Looking back through my notes and thinking about it all I would go for a kit player, a timpanist, a glockenspiel player and a cymbal/side drum/tambourine player, and a bass drum player. Or, if you were happy for the cymbals, bass drum and side drum to be played on the kit (if you want crash cymbals or a big boomy bass drum sound it obviously wouldn’t work, but otherwise it should be fine), you could move those onto the kit part. The kit player could also pick up and play the tambourine. From a player’s perspective, there are a lot of bars rest in the piece and any opportunity to combine the parts is worth doing.

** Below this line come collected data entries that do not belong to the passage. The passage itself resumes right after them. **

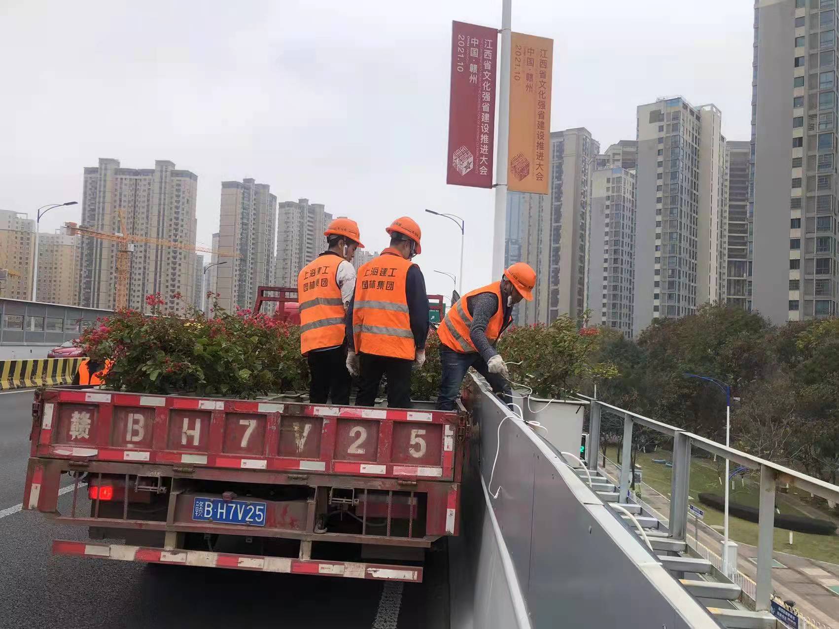 12月25日一大早,在贛南大道快速路與東江源大道快速路互通立交,贛州城投集團分了5組20人,對在現場的三角梅進行遷移。贛州城投集團的工作人員介紹說:“遷移的時候,我們要特別注意對花箱及三角梅成品的保護,同時,我們采取了設置安全錐、安全導向牌等措施,確?,F場施工安全。”
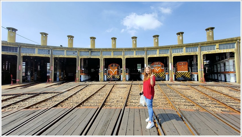 ▼可惜車庫的火車頭沒有停滿,不過拍照起來也很有FU就是!
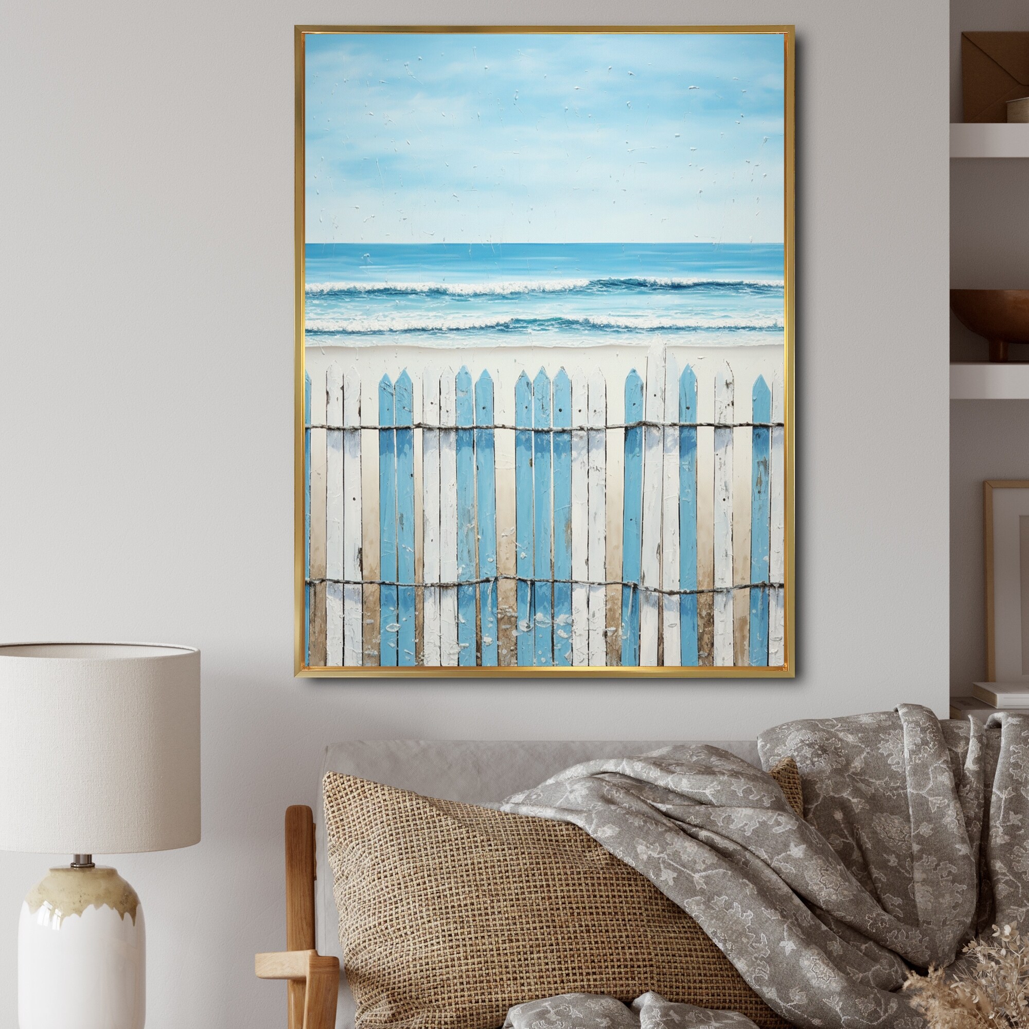 Designart "Coastal Minimalism Beach Fence II" Beach Framed Wall Art Living Room
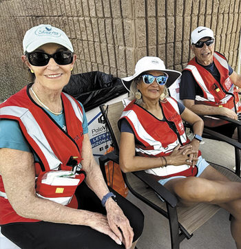 Team lead Pat Chernow, left, with PebbleCreek Pickleball Medical Team members Teresita Laron and Steve Jensen (photo by Kathy Aalto)

But ultimately it depends on the sound you want.
If you don’t have a kit player, the cymbal or side drum player could also play the tambourine – I don’t believe that clashes with either of those.
I actually think that because of the way you’ve written the drum kit part, it makes sense for it to be played on a kit, but it really boils down to the sound you want. It will probably sound a little lighter with a kit, perhaps evoking more of a musical theatre feel to it. Professional orchestral players should be able to make all of the separate instruments sound very similar to a kit if they’re very good. But it may not quite flow the same way that it would with just one person playing all of the parts. I’m imagining it would sound a little heavier on each part. It would be interesting to write it both ways and get a group of people to try it out and compare the two. Of course some purists would probably think the kit shouldn’t be used as it traditionally isn’t part of an orchestra, but personally I think it’s up to the composer!
Apart from that, I would generally say it’s looking good. Just be clear whether you want the player to use a pair of clash cymbals or a suspended cymbal, and watch out that the dynamics are present at every percussion entry. Timpani can be retuned but not always very quickly so watch out for using lots of notes quickly in succession – obviously the better the player the quicker they can do this, so your parts may be fine, but I’d possibly see if you can ask an expert about those bits.
One final thought – you could think about using a mark tree to represent Alice falling rather than the glockenspiel in bars 151-152; I think the movement of the mark tree is a bit more evocative of falling – if that’s what you want to do of course. I just thought I’d suggest it in case you wanted to consider it. Obviously I don’t know what the music sounds like so it may not work at all!”
Elaine Goodall

HOW good is this feedback? I’m all for helping myself. I realise this course has been and is totally all about self-directed learning, but I totally see the value in reaching out to friends and colleagues who know about instruments that I don’t play for guidance and advice. And hey – I may choose not to follow her advice…(I more than likely will, though).

I’ve also found a good website which gives an example of a typical grouping of players:
http://andrewhugill.com/manuals/layouts/percussion.html

I will feature a more in-depth post about how I eventually tackle this task. I’m going in!